Figure 2: Regexp Tree notation

The difficulty is that it isn't very easy to follow how it matches up to a given input string. For one thing, you have to go back and forth between nodes and their descendants to follow the matching process.

Candidate Notation 2: Railroad Tracks

"Railroad tracks" (Figure 3) have been used for presenting parsing paths for many years (notably in the syntax definition of Pascal). Match by pushing a counter around as you follow the string; replicate the counter on going through a branch (small filled rectangle); delete a counter when it fails to match; the whole thing matches if you get a counter to the end.

Figure 3: Railroad track notation.

The big drawback to this notation is that there are a lot of possible graphs that don't correspond to regular expressions. While it is possible to write validations, contraventions are not always easy for the naive user to spot, and it would be very irritating to constantly run into obscure error flags. In general, one of the expectations of a DSL is that it helps you to make statements that make sense within the domain.

The particular difficulty is that it allows you to make non-nested loops, and it can be quite difficult, depending on the layout of the graph, to see whether the constraint has been contravened or not, as illustrated in Figure 3 (which is invalid).

Figure 4: Invalid railroad track

Candidate Notation 3: Nested Boxes

This is a compromise solution in which arrows represent sequence, and nesting represents containment (Figure 5). The rule here is that paths can only converge or diverge at the branch points on either side of a box that contains the alternative paths. Each node otherwise just has at most one arrow entering and one leaving. There are also loop boxes with ports marked * or +.

Figure 5: Nested box notation.

This works just as well with the counter semantics while at the same time disallowing spaghetti branches. At the exit of a + or * loop box, you can move the counter around the box boundary back to the entry port. If the entry port is * or ?, you can avoid the content altogether by moving around the boundary straight to the exit. (The entry ports are decorated with arrows lined up with the box boundary to suggest this behavior.)

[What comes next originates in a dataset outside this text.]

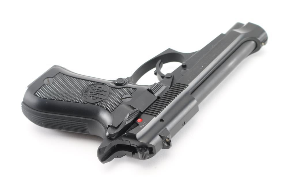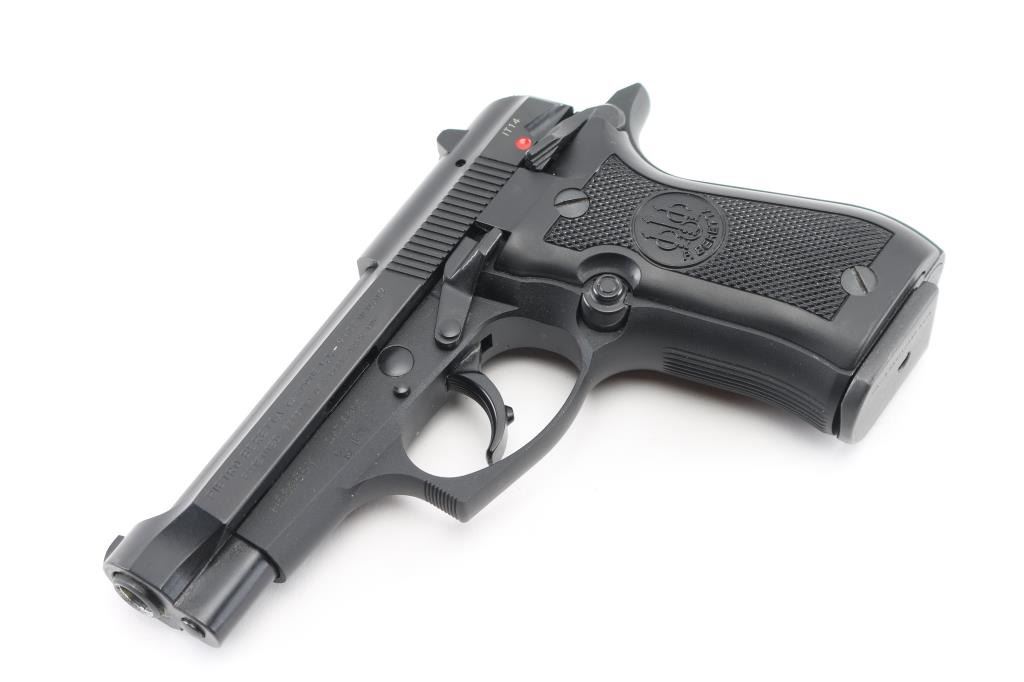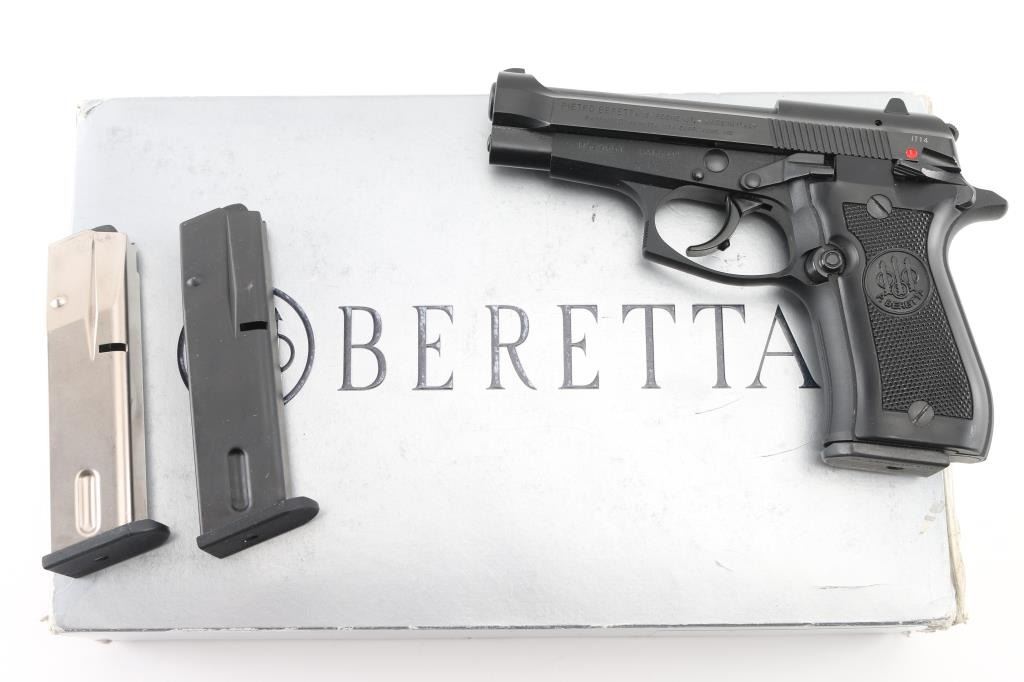 Italian semiautomatic pistol imported by Beretta USA Corp, Accokeek MD. Features matte blued finish, black plastic checkered grips, 3.8" barrel, fixed sights, frame mounted safety/decocker, magazine disconnect safety, operates double and single action. Bore is pristine condition, hard chrome lined. Retains 98% finish on metal parts with few handling marks. Grips are in excellent condition. Includes factory hard plastic case with cardboard sleeve, manual, two spare magazines (total of 2 blued & one nickel finished mags). Condition is NRA Excellent - like new *** Modern Firearm ***

Candidate Notation 4: Nested Paths

This is another counter-following notation, but there are two kinds of link. Each node only has one entering link (Figure 6). To match a string to the expression, you follow the Next links, matching each character to the character in a box; if you match the last node to the string, the match has succeeded. If you come to a diamond or circle, you must first follow its Parts links, and match that (by getting to the last link) -- if there are several Parts links, split the counters and a match to any one will do. This notation is a bit more difficult to follow than the nested boxes, but (unlike candidate 2) all of the graphs you can draw make sensible regular expressions, and (unlike candidate 1) sequences of matches are represented by following Next links rather than working through a fan of sibling links so that you can understand the graph by pushing counters around it.

Figure 6: Nested path notation.

Graphs Are Not Syntax Trees

Nested Boxes (or its pragmatic variant, Nested Paths) seem to be the best notation, but notice how far those notations are from the initial direct representation of the regular expression syntax tree. The first candidate would be the easiest to generate regular expressions from, but the better notations help a user to understand the concepts.

The same consideration will frequently apply when taking any existing text syntax -- typically an XML file -- and creating a diagrammatic representation of it. The syntax tree of the existing language is often not the best option.